Anyway, long story short: my tolerance of Jesus and Ares didn’t get me a smaller government and, consistent fellow — and foreign-policy quasi-agnostic — that I am, just as I was willing to tolerate Bush’s over-reliance on the military in hopes of getting some market-based reforms, so too am I willing to tolerate what may be Ron Paul’s under-reliance on the military in hopes, this time for sure (if he actually won), of getting some market-based reforms. Just had to get that out there in case anyone thought there was something baffling or inconsistent about my tolerance for both Bush and Paul.

This also explains why in the past few months, you might well have glimpsed me at a local Ron Paul party but also — as my ex-boss John Stossel noticed — glimpsed me in an audience on CSPAN not really applauding during a speech by Judge Andrew Napolitano that likened Bush to a fascist, even though I agreed with many things he said (and am very grateful to the Reason Foundation folks for having me). I don’t get all enthused when Bush wants war, and I don’t get all enthused when his critics call him a monster and say the conspiracy is coming to put us all in Gitmo.

But I do want budget cuts — remember budget cuts? — and if this Ron Paul thing doesn’t go the distance, Rudy Giuliani had damn well better give them to me.

As for Hillary’s mushy position on war stuff, who knows, maybe it’s not that far from my own.
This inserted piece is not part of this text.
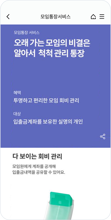 OVERVIEW. 하나원큐 모임통장 서비스 하나원큐 앱 전용 ‘모임통장 서비스’는 모임원 모두가 회비를 직접 보내고 관리할 수 있는 서비스입니다. Full 3D로 제작한 비주얼을 적극 활용하여 시각적인 주목도를 높였으며, 모임 생성, 회비 납부, 회비 내역을 편리하게 이용할 수 있는 최적의 디자인과 UX를 구현하였습니다.

Still gonna wear the t-shirt and vote for someone else, though. (Nothing against Ms. Federman, though, who I think sympathizes with many of my views and will no doubt do a bang-up job on Dec. 5 — come find out.)

6 comments:

Red Stapler said...

You wear t-shirts?

Todd Seavey said...

Only for the right cause: maybe at the debate I should wear the one that shows the Tazmanian Devil devouring a day-glo peace sign, the shirt Michael Malice denounced as my “rave shirt” in our _Style Court_ appearance.
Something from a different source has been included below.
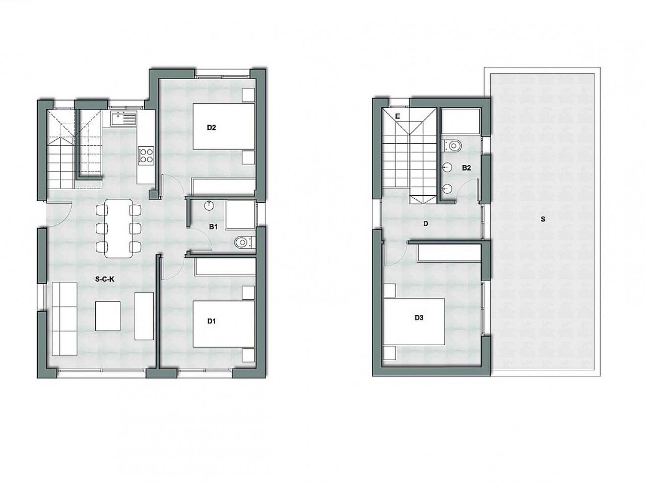 Villen mit 2 oder 3 Schlafzimmer, 2 Bäder, Wohnzimmer, Küche, Veranda im Erdgeschoss, große Sonnenterrasse im ersten Stock und Garten mit privatem Parkplatz.

Others, though, have included Kaplan medical test prep, a warning about landmines in Cambodia, “I think, therefore I cannot be a socialist,” “Nuke their ass and take the gas” (Dad found that one in a trash can for me, to use in a biker gang Halloween costume one year in college — a costume in which I briefly spoke to Martha Nussbaum, I now recall — but it works for any oil-related war), Reason, Reason.tv, “Have you talked to your kids about Free-Market.net,” Wisconsin (from the wedding of the guy who founded Free-Market.net), the Red Bank Film Festival, a now self-parodic freebie one for wacky Mel Gibson’s movie _Conspiracy Theory_, a Simpsons knockoff created by Brown University and future Clinton speech writer Jeff Shesol (who put up with my mass-e-mails while in the job, bless him), “Beth’s ACSH Hoodlums” (biker-gang-style, inspired by an insult directed at my workplace), Bureaucrash’s “Try Capitalism” Coke-parody shirt (you have to stop viewing that one when you reach an odd-numbered level of irony or it helps the enemy), Heineken (from the days when Dawn Eden hosted trivia contests instead of promoting chastity for a living), and most recently some videogame company that gave out t-shirts when Scott and I went to Kaiju Big Battel, though we both agree it would have been much cooler to just have Kaiju Big Battel t-shirts.

Brain said...

I’m considering getting drunk.

No. Better not. I’ll be sober.

Carney might be drunk. Don’t know about Miss Federman. Maybe we’ll get Mister Seavey drunk.

Brain said...

That or we’ll say seditious things.

Sarah Federman said...

Will be sober. Not a good idea to be drunk when one is carrying a big stick.

John Carney said...

I wish someone had told me that last night, Sarah.